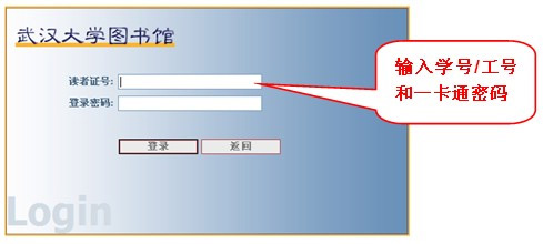 点击“下一步”,进入武汉大学图书馆系统,在页面上输入读者证号和登录密码,如下图:
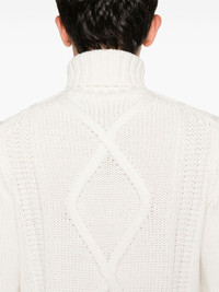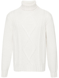 Irish cable turtleneck sweater in cashmere Feather yarn
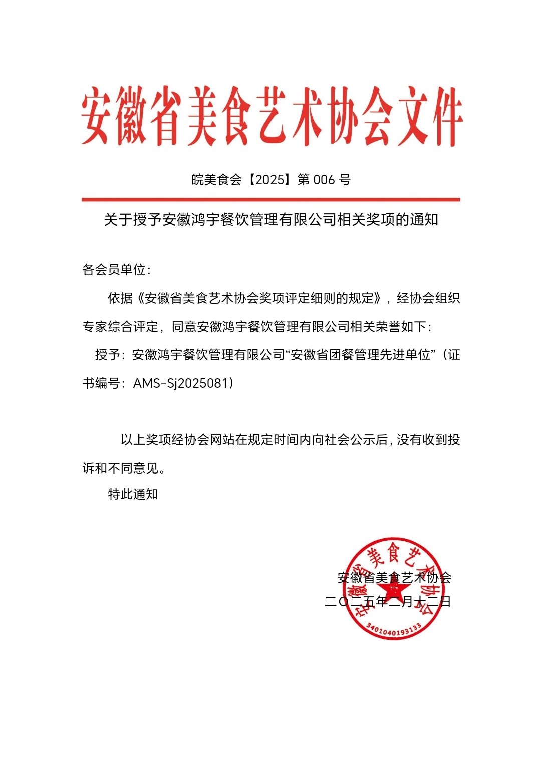 关于授予安徽鸿宇餐饮管理有限公司相关奖项的通知

**AIM OF THE TASK**.
Could you print the listing above exactly, without the pictures?

**RESPONSE TO THIS TASK**.
 点击“下一步”,进入武汉大学图书馆系统,在页面上输入读者证号和登录密码,如下图:
 Irish cable turtleneck sweater in cashmere Feather yarn
 关于授予安徽鸿宇餐饮管理有限公司相关奖项的通知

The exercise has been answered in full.